▶ _What is needed_
What needs reproducing is the run of lines in the data below starting at the line with "The matte red" and ending at the line with "- After checkout, room", both ends included. Copy it exactly, without pictures, and add nothing.

(Items from a data source)
+--
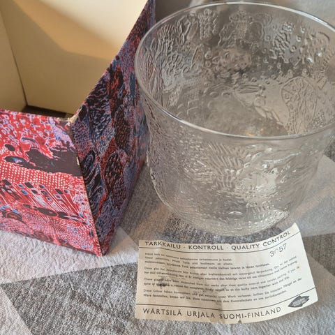 Hienossa kunnossa oleva kulho. Pohjassa näkyy pieni ilmakupla ja valossa heijastuu muutama pieni/ hento naarmu.
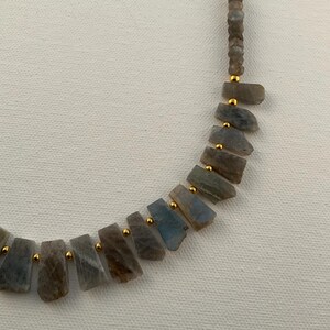 The matte red creek jasper coins are accented by diamond shaped matte black onyx shapes. There are two different necklaces shown in the pictures with different placement of the black onyx. The other components remain the same. The necklace is finished with a bronze Saki Silver clasp.
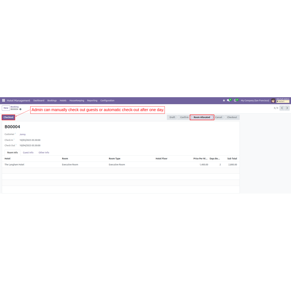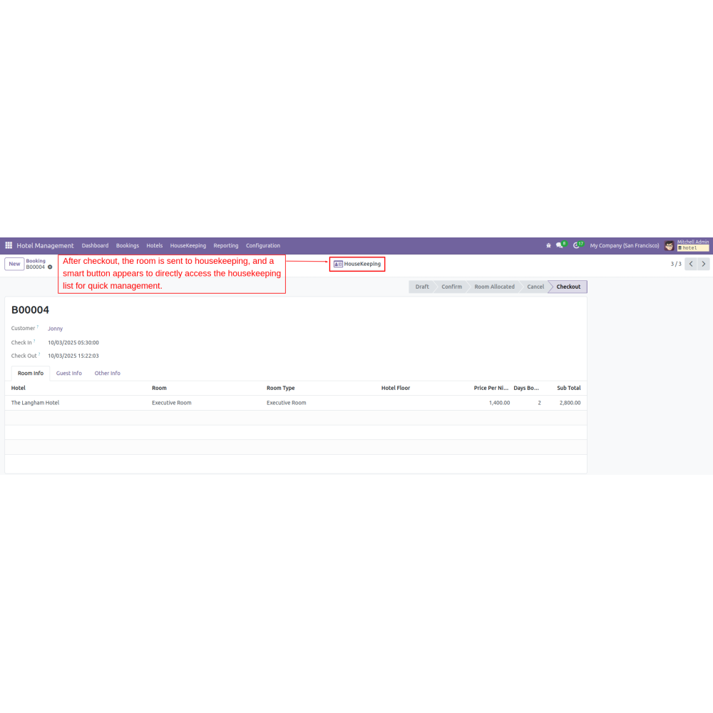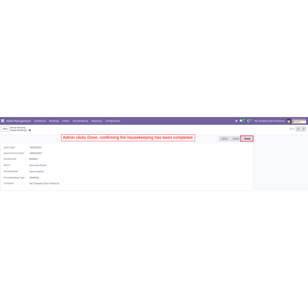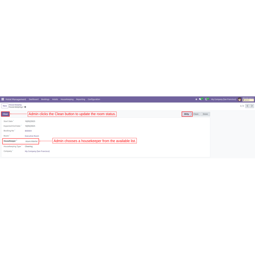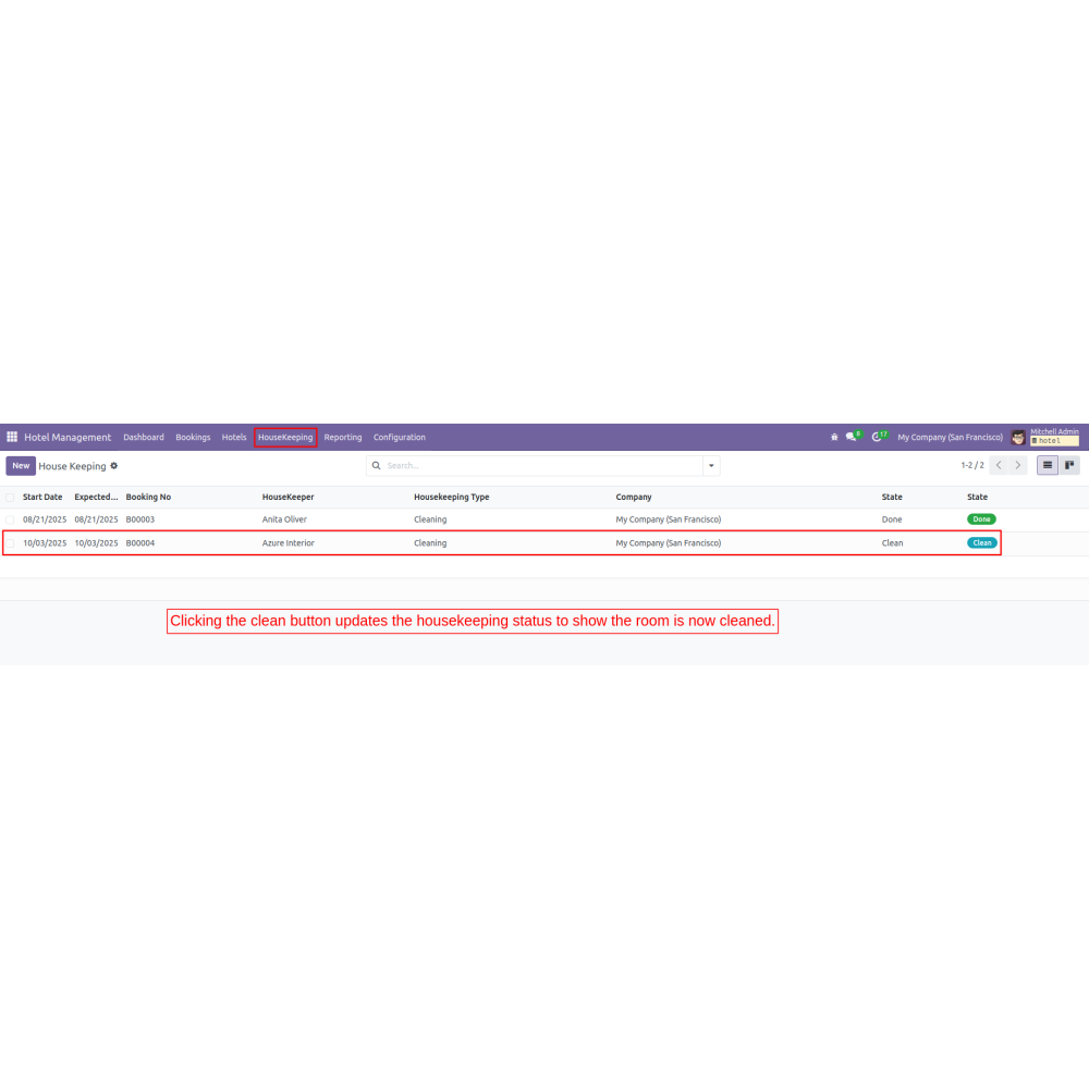 - After checkout, room statuses update automatically to "dirty," and staff can mark rooms as "clean" once the cleaning process is complete, providing an accurate representation of room availability.
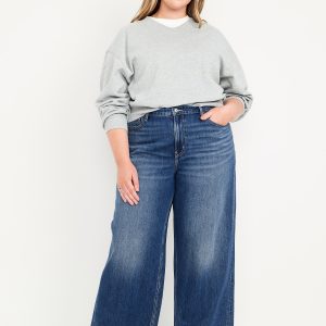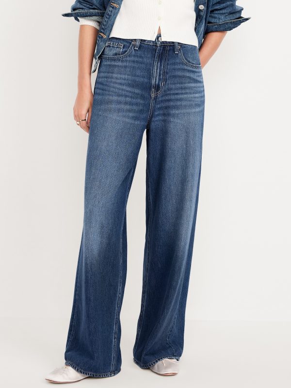 High-Waisted Baggy Wide-Leg Jeans: The oversized wide-leg jean of your teenage dreams.studded accent at sides, high waist, zip fly, #800683
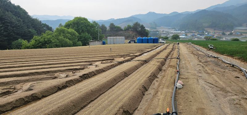 안골. 추비(4포) 치다가 모자란 골이랑 비료가 좀 적게 치였다 싶은곳은 nk21 (1포 반)으로 마무리.
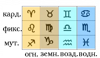 Овен, Лев и Стрелец – огненные знаки, в то время как Близнецы, Весы и Водолей – воздушные знаки. Телец, Дева и Козерог – земные знаки, в то время как Рак, Скорпион и Рыбы – водные знаки. Мы осветим в деталях эти элементы, а также более пригодную классификационную систему в следующих разделах.
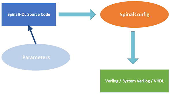 As illustrated above, the general design flow for SpinalHDL is to: 1. Setup the Parameters of the SpinalHDL top module 2. Feed the source code into SpinalConfig 3. Generate the output in Verilog, System Verilog or VHDL
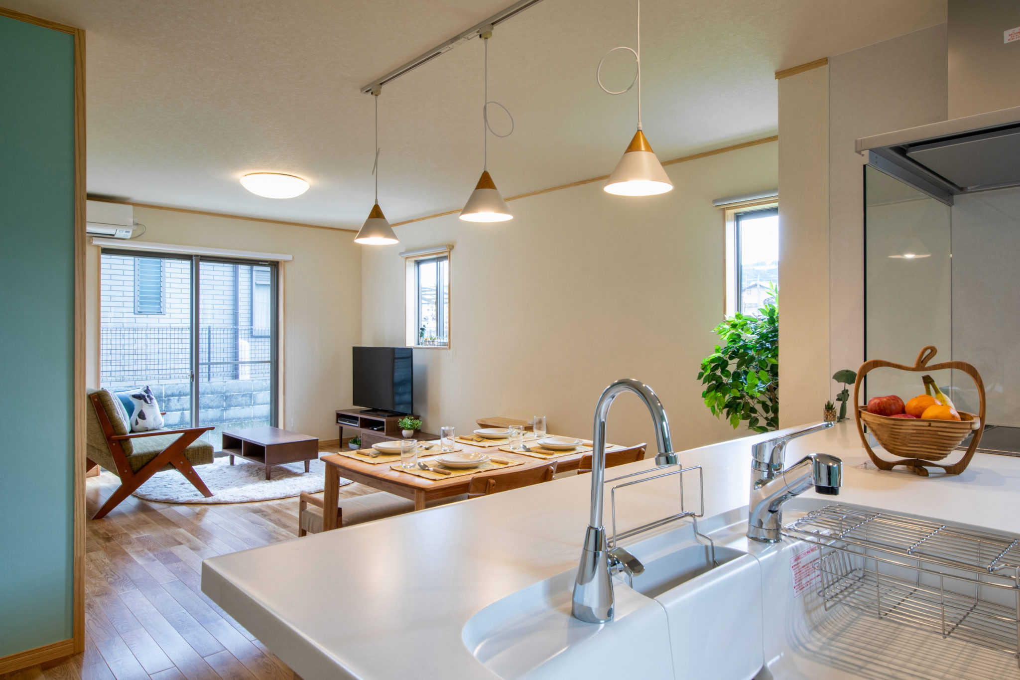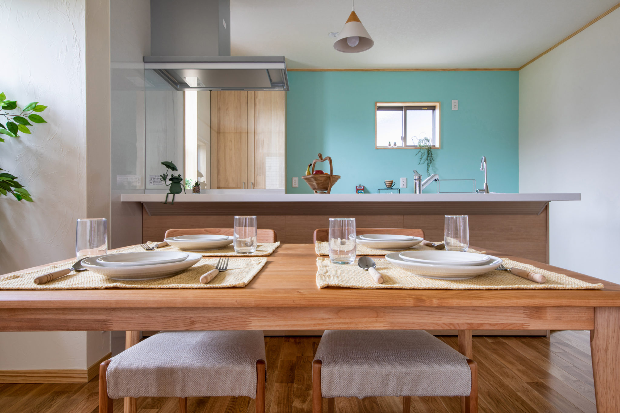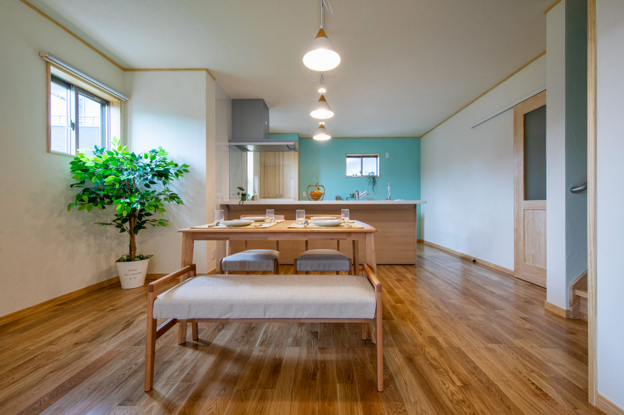 天然木が美しい床や建具、やわらかい風合いが特徴の珪藻土の塗り壁など、自然素材の温かみを感じることのできる内装は、仲良し一家のO様邸のイメージにぴったり。使い勝手の良さと居心地の良さが自慢の二世帯住宅です。
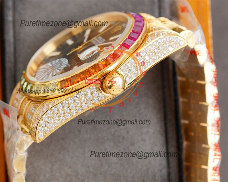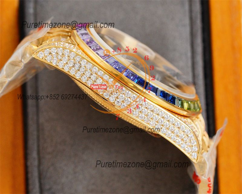 Datejust Miyota Automatic Ladies Watch 36 Best Edition RRF Yellow Arabic Paved Diamond Iced Out 904L Steel Bracelet
+--
▶ _Response box_
 The matte red creek jasper coins are accented by diamond shaped matte black onyx shapes. There are two different necklaces shown in the pictures with different placement of the black onyx. The other components remain the same. The necklace is finished with a bronze Saki Silver clasp.
 - After checkout, room statuses update automatically to "dirty," and staff can mark rooms as "clean" once the cleaning process is complete, providing an accurate representation of room availability.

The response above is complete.